Here's a case study for a configuration we put together for a partner where they're using Engage-based clients on a variety of platforms connected into a Rallypoint mesh running in Amazon Web Services.

Architecture

Below is a very simplistic representation of what we created for this test. We have a bunch of clients (c1 - cN), a load balancer, and a number of Rallypoints (rp1 - rpX) that make up a Rallypoint mesh.

Clients can be anywhere from 1 instance (c1) to whatever number of clients is needed for the test (cN). So, if we were to test with 350 clients, N would be 350, we'd have c1-c350. All of those clients hit the load balancer which then divies up the connections to the Rallypoint mesh.

Similarly, our Rallypoint mesh consists of one or more Rallypoints. If we only have one Rallypoint, only r1 would be fired up and running. As the mesh grows, r2 would come online, r3, r4, and so on. So, if we have 8 Rallypoints in the mesh, we'd have r1-r8.


                                          +---+ 
                        +---------------> |rp1| <-------------+
                        |                 +---+               |
                        |                   ^                 |
                        |                   |                 |
                 +-------------+            |                 |
  c1-----------> |             |            +------->  +---+  |
  c ... -------> |Load Balancer|-------------------->  |rp2|  |
  cN-----------> |             |            +------->  +---+  |
                 +-------------+            |                 |
                        |                   |                 |
                        |                   v                 | 
                        |                 +---+               |
                        +---------------> |rpX| <------------+
                                          +---+         

The Mesh

For this project, we created a Rallypoint mesh behind an Amazon Elastic Load Balancer performing simple round-robin assignment of client (Engage endpoint) connections into the mesh.  We created a "gold" image of a Rallypoint machine running Amazon Linux and hosting the Rallypoint executable.  This image is configured to read a file shared across all instances that describes the mesh - i.e. which Rallypoints every other Rallypoint should connect to to establish the mesh. 

This mesh file has new Rallypoint entries added to it as the mesh scales up - i.e. when new Rallypoints need to be added.  And it has entries removed when the mesh scales down - i.e. when Rallypoints are removed from the mesh because the load requirement has diminished.  Every time a new Rallypoint needs to be spun up, we instruct Amazon to spin up a new instance based on this gold image.

At the time of this writing, we are scaling the mesh up and down manually rather than have Amazon Web Services do so automatically.  However, the desire is make that an automatic thing by having Rallypoints passing their individual load metrics to the load balancer.  This is pretty simply done using a simple Linux shell script on each image that periodically reads the Rallypoint's status file to pick up key metrics such as number of clients, throughput, realtime media pathways, and so on.
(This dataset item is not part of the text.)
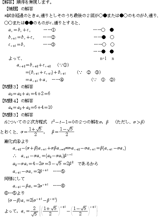 問題1、2と同様に、(n-2試合経過のものにn-2試合目と逆のもの2つつけたもの)と(n-1試合経過のものにn-1試合目と逆のもの1つつけたもの)の和と考えれば、

These metrics are pushed into Amazon Cloudwatch which, in turn, is queried by the Amazon Elastic Load Balancer to determine when to spin up new Rallypoints or, as demand drops off, to take Rallypoints offline.

Load Testing

To test the load and performance of the mesh, we created another gold image that is also running Amazon Linux but, this time, using our "engage-cmd" command-line tool.  Each of these images fire up a test configuration that launches 100 instances of engage-cmd - with each instance of engage-cmd representing a single user.  These client instances are pointed to the load balancer which, in turn, connects the client to an appropriate Rallypoint based on the balancing strategy (currently simple round-robin as described above).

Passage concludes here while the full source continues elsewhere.